In recent years U.S. corporations have worked to support their employees regardless of race, gender or sexual orientation. And now there’s a grass-root push for inclusion when it comes to employees’ religious beliefs. “Corporate America is at a tipping point toward giving religion similar attention to that given the other major diversity categories,” says Brian Grim, founder and president of the Religious Freedom & Business Foundation.
Grim’s foundation ranked the Fortune 100 companies on their commitment to religious inclusion. The top 10 include: Google’s parent company Alphabet, Intel, Tyson Foods, Target, Facebook, American Airlines, Apple, Dell, American Express and Goldman Sachs. Of note, Walmart has recently decided to launch their own faith-based employee group.
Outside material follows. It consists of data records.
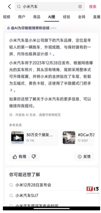 “AI 搜”功能位于抖音 App 的搜索界面內,與其他搜索服務(wù)如商品、團購、用戶(hù)、視頻等并列。用戶(hù)只需在“AI 搜”內輸入相關(guān)的問(wèn)題或信息,就可以得到“AI 搜”通過(guò)智能搜索技術(shù)為用戶(hù)生成的回答?;卮鸬膬热莶粌H來(lái)源于抖音內的優(yōu)質(zhì)視頻,還包括第三方網(wǎng)站的信息,并且提供了跳轉鏈接,方便用戶(hù)查看更多的細節和講解。此外,“AI 搜”還可以根據用戶(hù)的問(wèn)題,給出用戶(hù)可能感興趣的相關(guān)問(wèn)題。
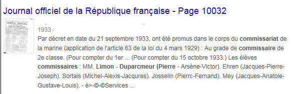 Élève commissaire le 15 octobre 1932
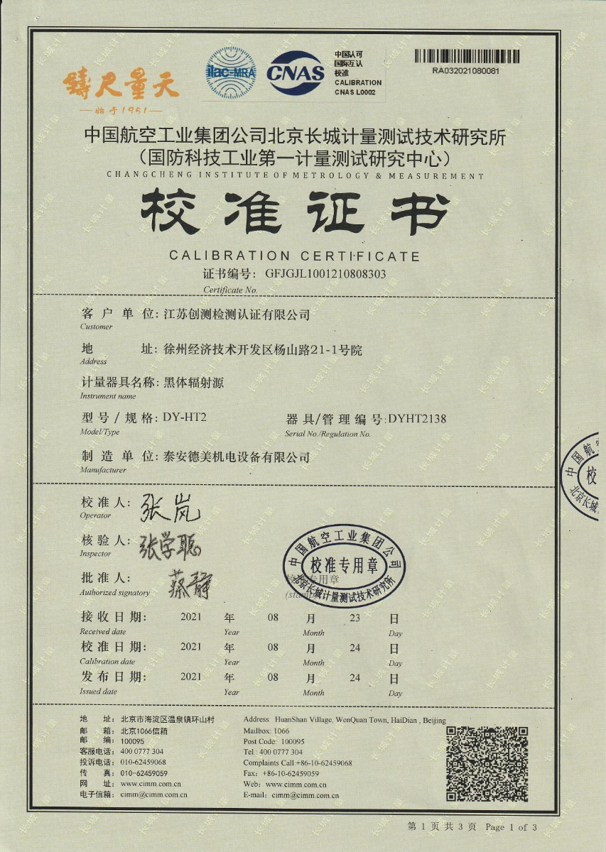江蘇創(chuàng)測檢測認證有限公司-黑體輻射源 2021-9-1 本文被閱讀 19022 次

AP reports that “Tyson won points for its chaplaincy program; most of the others have formed either a single interfaith employee resource group or separate groups for major religions such as Christianity, Islam and Judaism. Google’s interfaith group, the Inter Belief Network, has chapters for those faiths and for Buddhists, while Intel has a group for agnostics and atheists, as well as groups for major religious faiths.”
One of the fastest growing faith-based groups, called Faithforce, was launched by Salesforce in 2017. Its founder, Farah Siddiqui, a Muslim whose family is from Pakistan, says the group includes followers of America’s largest faiths as well as Sikhs, Hindus, pagans and humanist. “We’re a very inclusive group,” she says. ”If someone has something interesting to share, we share it. There is no proselytizing.”